▼

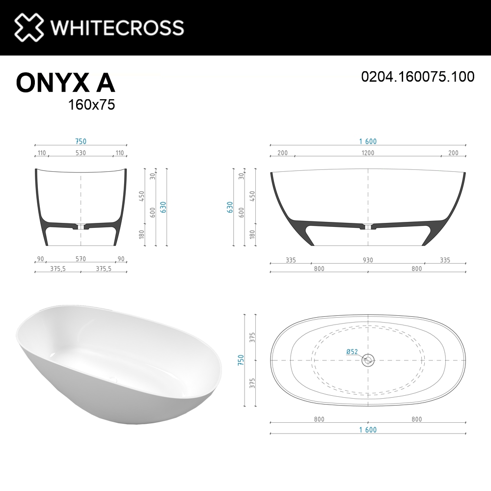 Ванна WHITECROSS Onyx A 160x75 (белый глянец) иск. камень
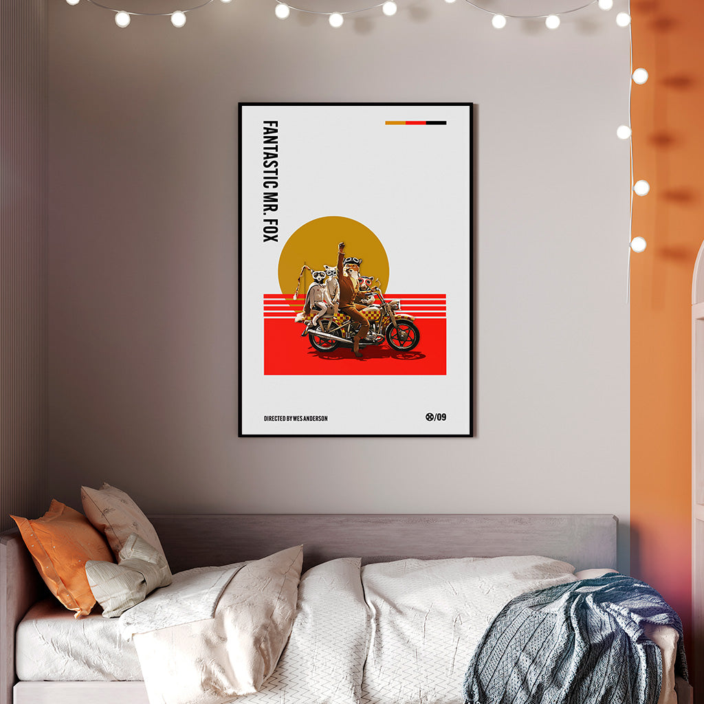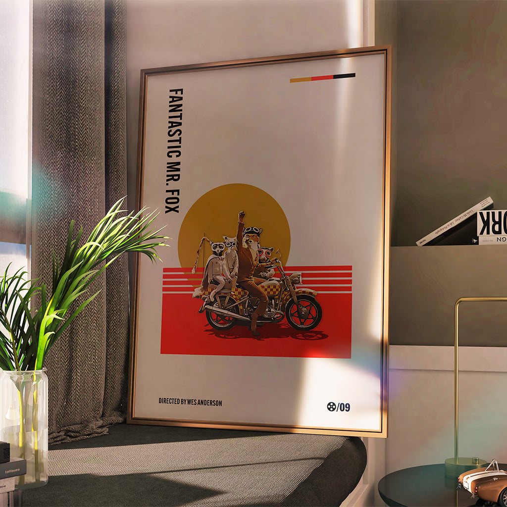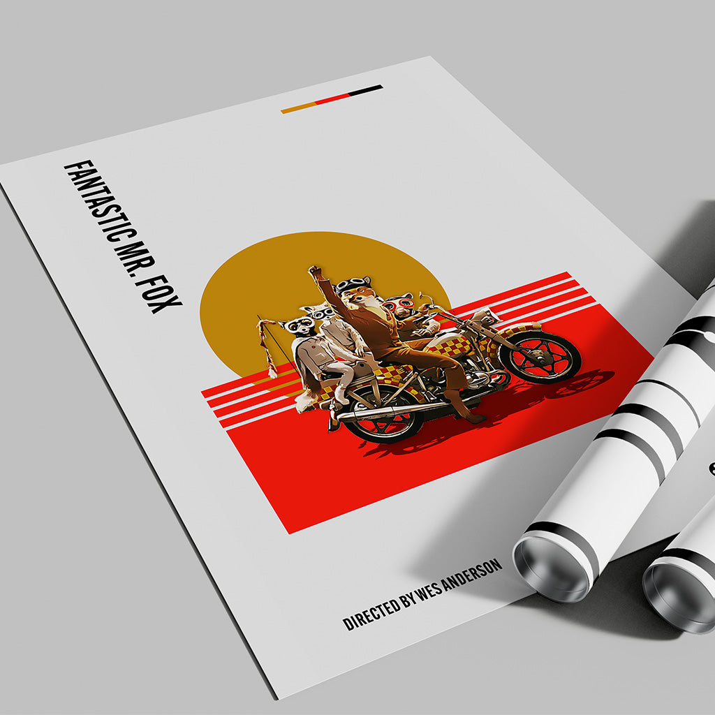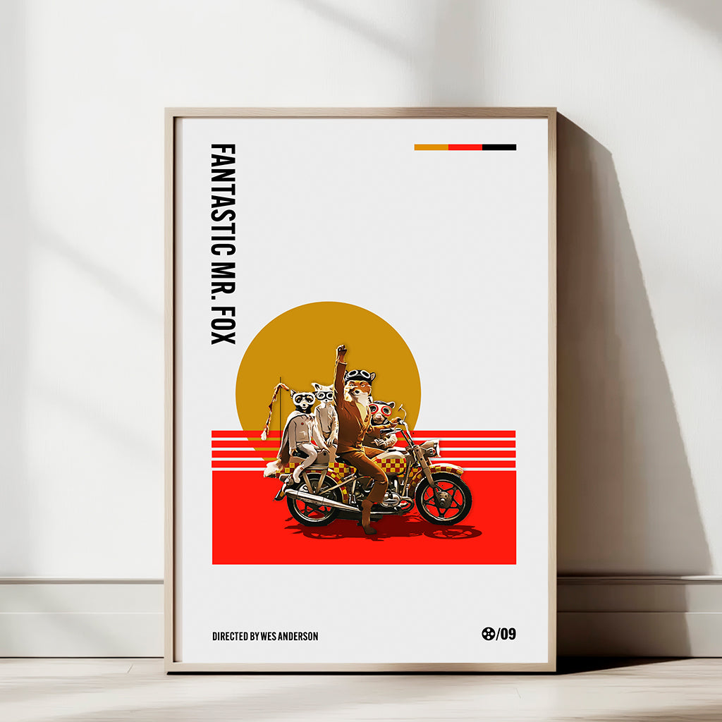 Celebrate the whimsical charm of Wes Anderson’s Fantastic Mr. Fox with this minimal art print. Featuring clean, bold design elements inspired by the film’s quirky aesthetic and beloved characters, this poster perfectly captures the spirit of Anderson’s iconic storytelling.
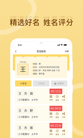 无论是生辰八字、生肖动物、喜好忌讳这些都可以,软件页面非常简约清新,功能也非常强大,并且里面提供在线测名服务。系统会详细解析每个名字的五行属性、三才配置、生肖宜忌等专业信息,让您全面了解名字的吉凶寓意。测名报告包含音律分析、字形解析等多项指标,帮助您做出最佳选择。
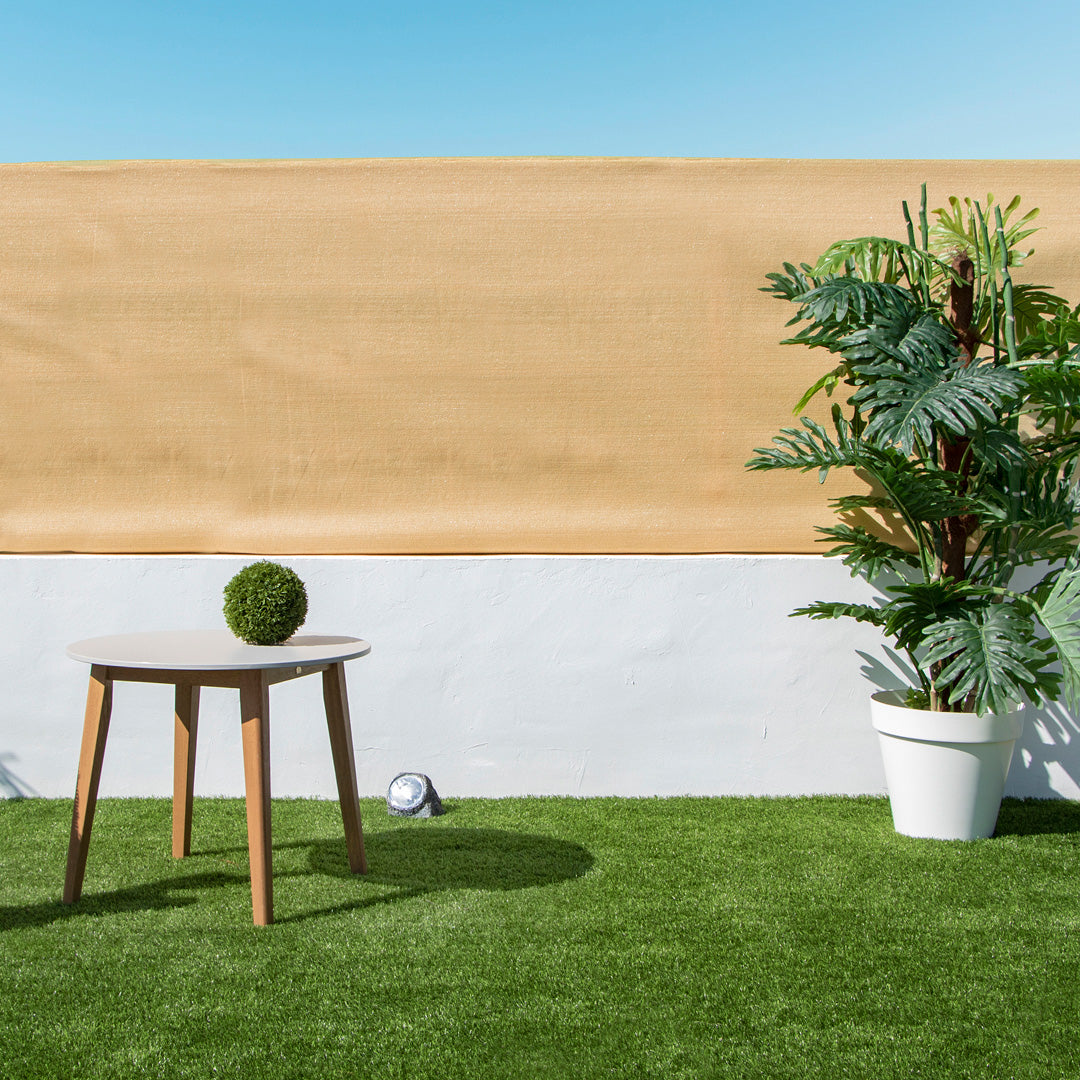 El color arena aporta un acabado natural y rústico, integrándose perfectamente en jardines, terrazas y patios. Sus extremos reforzados permiten una instalación sencilla en vallas, cercados y postes, garantizando su durabilidad frente a la exposición solar y el viento.
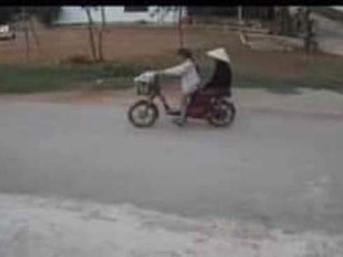 Theo clip từ nhà dân ghi lại, sau khi gửi xe đạp, bà Hương mang theo chiếc túi (loại bao tải) bên trong có đựng đồ vật.
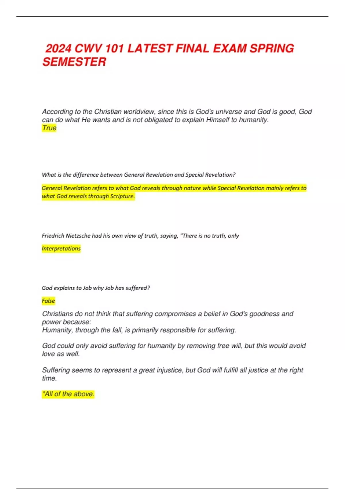 2024 CWV 101 LATEST FINAL EXAM SPRING SEMESTER
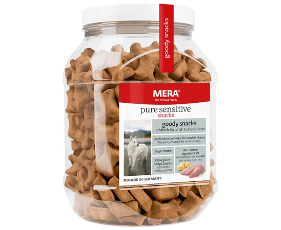 Biscuiti Caini MERA Goody Curcan si Cartofi 600g reprezinta o hrana complementara, hipoalergenica pentru caini adulti, din ingrediente de buna calitate. Pot constitui un snack sau o recompensa potrivita pentru catei sensibili sau cu alergii. Chiar si cainii sensibili merita o recompensa! Biscuitii din gama Pure Sensitive sunt ideali pentru dresaj sau ca o mica recompensa intre mese. Avand curcanul ca unica sursa de proteina animala digerabila plus cartofi usor digerabili, reteta Mera are doar ingrediente fara gluten. Snack-urile gustoase Mera Goody sunt create in concordanta cu principiile Dietei cu Ingrediente Limitate (Limited Ingredient Diet - L.I.D.) pentru caini sensibili. Astfel sunt reduse la minim riscurile intolerantelor si alergiilor alimentare la caini. COMPOZITIE: Fulgi de cartofi (60%), proteina din carne curcan (33%), grasime de pasare, clorura de sodiu (sare de bucatarie), lignoceluloza, inulina din cicoare (0.1%). CONSTITUENTI ANALITICI: Proteine 24%, grasimi 8%, fibre 2%, cenusa bruta 7%. ADITIVI KG: Aditivi nutritionali: Vitamina A 5.000UI, Vitamina D3 500UI, Vitamin E 50mg. Aditivi tehnologici: antioxidanti. Biscuitii Mera Goody constituie o gustare care trebuie sa fie complementara alimentatiei zilnice de baza a cainelui. Se recomanda ajustarea ratiei zilnice din hrana de baza in functie de cresterea portiei de biscuiti. Ca si parte integranta a unui concept nutritional holistic, snack-urile din gama Goody Pure Sensitive sunt o completare la hrana uscata si umeda. Intreaga gama Pure Sensitive ofera diferite arome astfel incat cainele dumneavoastra sa se poata bucura de o dieta variata. In functie de varsta sau anumite nevoi speciale, gama ofera si retete bazate pe carne proaspata, cu un continut proteic ridicat. MERA este o companie germana cu o istorie de aproape 70 de ani in productia de hrana pentru animalele de companie. Fabrica MERA foloseste tehnologie de ultima ora, si toate produsele MERA sunt rezoltatul cercetarii si inovatiei. MERA este, momentan, cel mai important producator european de biscuiti pentru caini. Biscuitii MERA sunt potriviti pentru cainii de orice talie sau varsta, si pentru orice nivel de activitate. Biscuitii folosesc ingrediente de calitate, sunt plini de vitamine si minerale, si nu contin conservanti si coloranti artificiali.
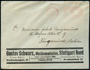 3494 | 8 € | 7000 Stuttgart Maschinen-Postfreistempel : STUTTGART/ *9a/ DEUTSCHES/ REICH 1934 (20.8.) PFS "Achteck" zweizeilig, 3 Pf. auf Firmen-Bf.: Gustav Schwarz, Obstkommission.. (Dü.D-5) | ![]() | |
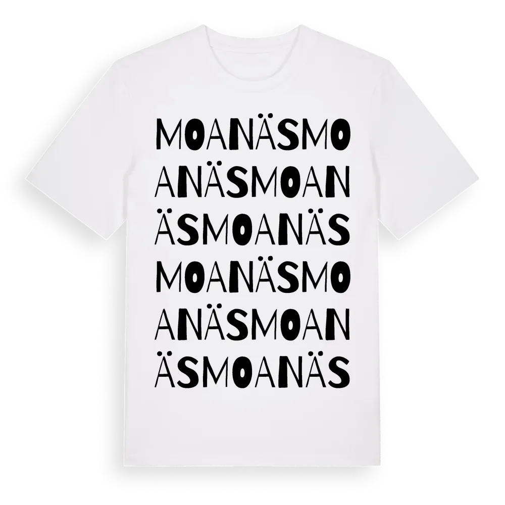 Moanäs ordlek t-shirt är inspirerad av Moanäs i Västra Götalands län, Sverige. Tröjan är designad för dig som har en speciell koppling till platsen – oavsett om du bor här, har rötterna här eller bara älskar Moanäs.
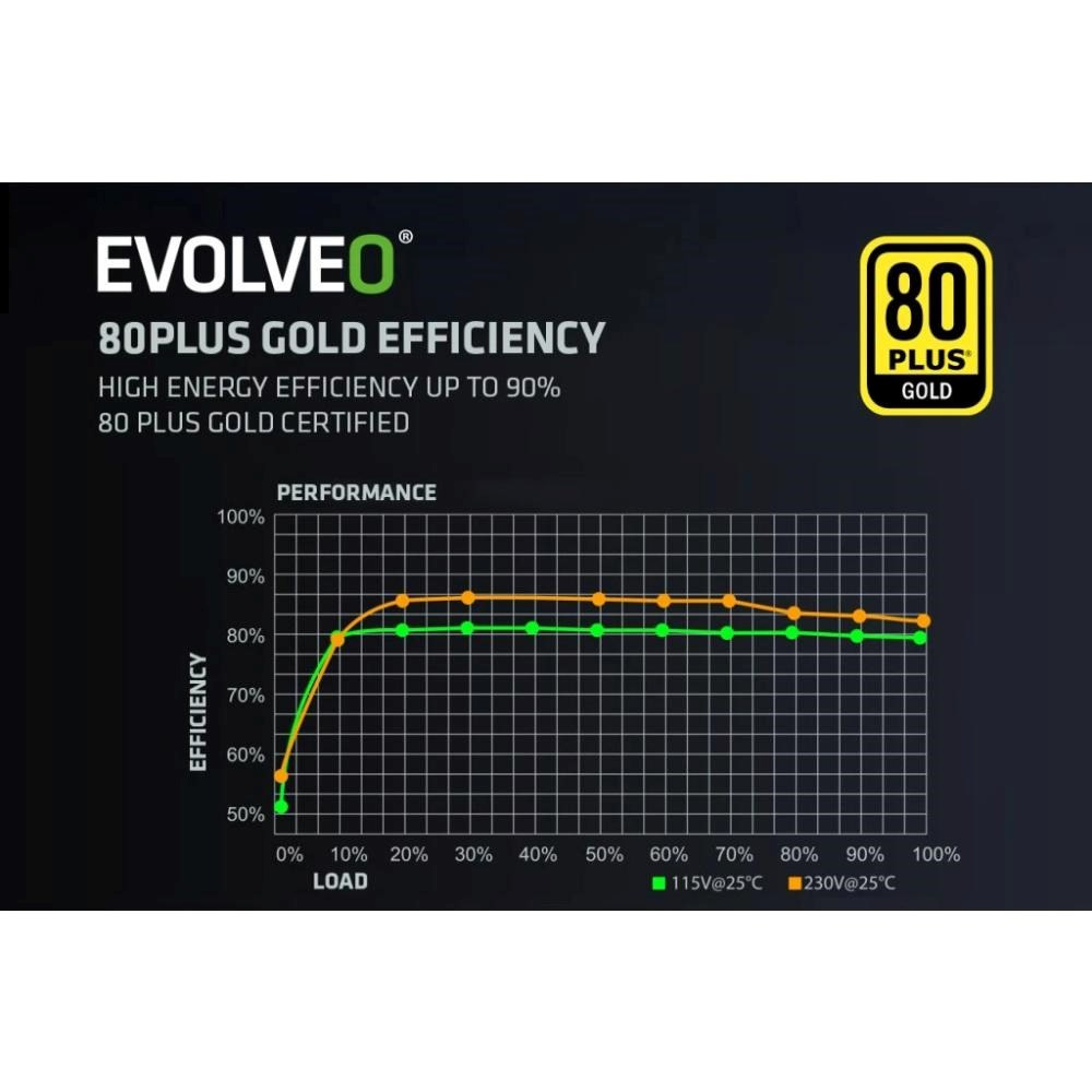 PC zdroj EVOLVEO G650-BK je hrdým držiteľom certifikácie 80 PLUS Gold, ktorá sľubuje až 92% účinnosť (pri bežnom 50% zaťažení). Minimálne straty energie a nízke zahrievanie idú ruka v ruke s tichým chodom 140mm HDB ventilátora – ten má medzi hriadeľom a ložiskami špeciálnu olejovú vrstvu a jeho trenie je nepatrné, takže hlučnosť zostáva na minime. S týmto zdrojom vás jednoducho nebude rušiť hučanie ventilátora – počujete iba zvuk kolies vašej formule alebo zvuk zbraní vašej armády.
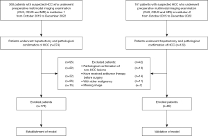Accordingly, we conducted a study to examine the association of CUS, CEUS, and MRI features with the incidence of MVI in patients with HCC. We further developed and validated a preoperative prediction nomogram, incorporating the multimodal imaging features and serological signatures for the preoperative prediction of MVI. We hope that the preoperative, noninvasive evaluation offered by our model can assist clinicians in optimizing treatment. We present this article in accordance with the TRIPOD reporting checklist (available at https://qims.amegroups.com/article/view/10.21037/qims-2025-231/rc).
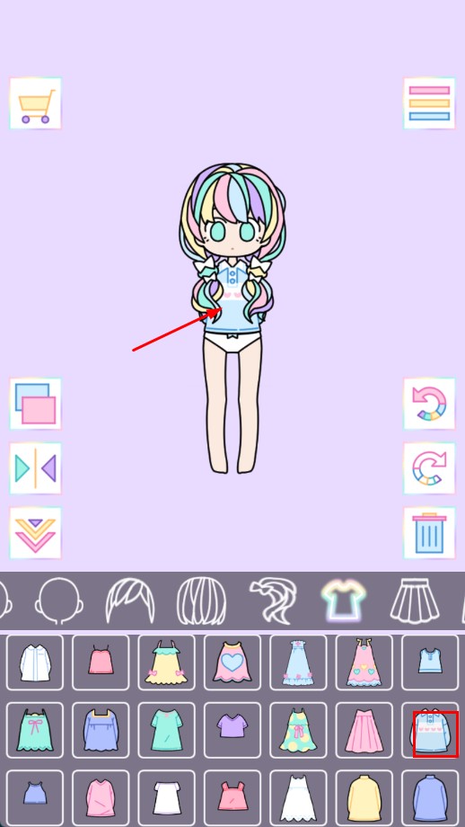 1、基础装扮操作:点击服装柜选择喜欢的上衣,然后搭配相应的下装和鞋子,最后添加发饰完成整体造型。
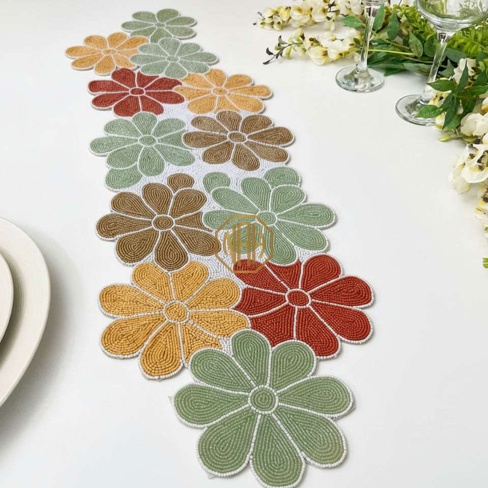 Camino de Mesa Bordado a Mano con Cuentas, Mantel Individual con Diseño Personalizado, Proveedor al por Mayor

▲

> **Work order**
Taking each record in turn, retype it exactly and drop any picture.

> **Solution below**
 Ванна WHITECROSS Onyx A 160x75 (белый глянец) иск. камень
 Celebrate the whimsical charm of Wes Anderson’s Fantastic Mr. Fox with this minimal art print. Featuring clean, bold design elements inspired by the film’s quirky aesthetic and beloved characters, this poster perfectly captures the spirit of Anderson’s iconic storytelling.
 无论是生辰八字、生肖动物、喜好忌讳这些都可以,软件页面非常简约清新,功能也非常强大,并且里面提供在线测名服务。系统会详细解析每个名字的五行属性、三才配置、生肖宜忌等专业信息,让您全面了解名字的吉凶寓意。测名报告包含音律分析、字形解析等多项指标,帮助您做出最佳选择。
 El color arena aporta un acabado natural y rústico, integrándose perfectamente en jardines, terrazas y patios. Sus extremos reforzados permiten una instalación sencilla en vallas, cercados y postes, garantizando su durabilidad frente a la exposición solar y el viento.
 Theo clip từ nhà dân ghi lại, sau khi gửi xe đạp, bà Hương mang theo chiếc túi (loại bao tải) bên trong có đựng đồ vật.
 2024 CWV 101 LATEST FINAL EXAM SPRING SEMESTER
 Biscuiti Caini MERA Goody Curcan si Cartofi 600g reprezinta o hrana complementara, hipoalergenica pentru caini adulti, din ingrediente de buna calitate. Pot constitui un snack sau o recompensa potrivita pentru catei sensibili sau cu alergii. Chiar si cainii sensibili merita o recompensa! Biscuitii din gama Pure Sensitive sunt ideali pentru dresaj sau ca o mica recompensa intre mese. Avand curcanul ca unica sursa de proteina animala digerabila plus cartofi usor digerabili, reteta Mera are doar ingrediente fara gluten. Snack-urile gustoase Mera Goody sunt create in concordanta cu principiile Dietei cu Ingrediente Limitate (Limited Ingredient Diet - L.I.D.) pentru caini sensibili. Astfel sunt reduse la minim riscurile intolerantelor si alergiilor alimentare la caini. COMPOZITIE: Fulgi de cartofi (60%), proteina din carne curcan (33%), grasime de pasare, clorura de sodiu (sare de bucatarie), lignoceluloza, inulina din cicoare (0.1%). CONSTITUENTI ANALITICI: Proteine 24%, grasimi 8%, fibre 2%, cenusa bruta 7%. ADITIVI KG: Aditivi nutritionali: Vitamina A 5.000UI, Vitamina D3 500UI, Vitamin E 50mg. Aditivi tehnologici: antioxidanti. Biscuitii Mera Goody constituie o gustare care trebuie sa fie complementara alimentatiei zilnice de baza a cainelui. Se recomanda ajustarea ratiei zilnice din hrana de baza in functie de cresterea portiei de biscuiti. Ca si parte integranta a unui concept nutritional holistic, snack-urile din gama Goody Pure Sensitive sunt o completare la hrana uscata si umeda. Intreaga gama Pure Sensitive ofera diferite arome astfel incat cainele dumneavoastra sa se poata bucura de o dieta variata. In functie de varsta sau anumite nevoi speciale, gama ofera si retete bazate pe carne proaspata, cu un continut proteic ridicat. MERA este o companie germana cu o istorie de aproape 70 de ani in productia de hrana pentru animalele de companie. Fabrica MERA foloseste tehnologie de ultima ora, si toate produsele MERA sunt rezoltatul cercetarii si inovatiei. MERA este, momentan, cel mai important producator european de biscuiti pentru caini. Biscuitii MERA sunt potriviti pentru cainii de orice talie sau varsta, si pentru orice nivel de activitate. Biscuitii folosesc ingrediente de calitate, sunt plini de vitamine si minerale, si nu contin conservanti si coloranti artificiali.
 3494 | 8 € | 7000 Stuttgart Maschinen-Postfreistempel : STUTTGART/ *9a/ DEUTSCHES/ REICH 1934 (20.8.) PFS "Achteck" zweizeilig, 3 Pf. auf Firmen-Bf.: Gustav Schwarz, Obstkommission.. (Dü.D-5) | ![]() | |
 Moanäs ordlek t-shirt är inspirerad av Moanäs i Västra Götalands län, Sverige. Tröjan är designad för dig som har en speciell koppling till platsen – oavsett om du bor här, har rötterna här eller bara älskar Moanäs.
 PC zdroj EVOLVEO G650-BK je hrdým držiteľom certifikácie 80 PLUS Gold, ktorá sľubuje až 92% účinnosť (pri bežnom 50% zaťažení). Minimálne straty energie a nízke zahrievanie idú ruka v ruke s tichým chodom 140mm HDB ventilátora – ten má medzi hriadeľom a ložiskami špeciálnu olejovú vrstvu a jeho trenie je nepatrné, takže hlučnosť zostáva na minime. S týmto zdrojom vás jednoducho nebude rušiť hučanie ventilátora – počujete iba zvuk kolies vašej formule alebo zvuk zbraní vašej armády.
Accordingly, we conducted a study to examine the association of CUS, CEUS, and MRI features with the incidence of MVI in patients with HCC. We further developed and validated a preoperative prediction nomogram, incorporating the multimodal imaging features and serological signatures for the preoperative prediction of MVI. We hope that the preoperative, noninvasive evaluation offered by our model can assist clinicians in optimizing treatment. We present this article in accordance with the TRIPOD reporting checklist (available at https://qims.amegroups.com/article/view/10.21037/qims-2025-231/rc).
 1、基础装扮操作:点击服装柜选择喜欢的上衣,然后搭配相应的下装和鞋子,最后添加发饰完成整体造型。
 Camino de Mesa Bordado a Mano con Cuentas, Mantel Individual con Diseño Personalizado, Proveedor al por Mayor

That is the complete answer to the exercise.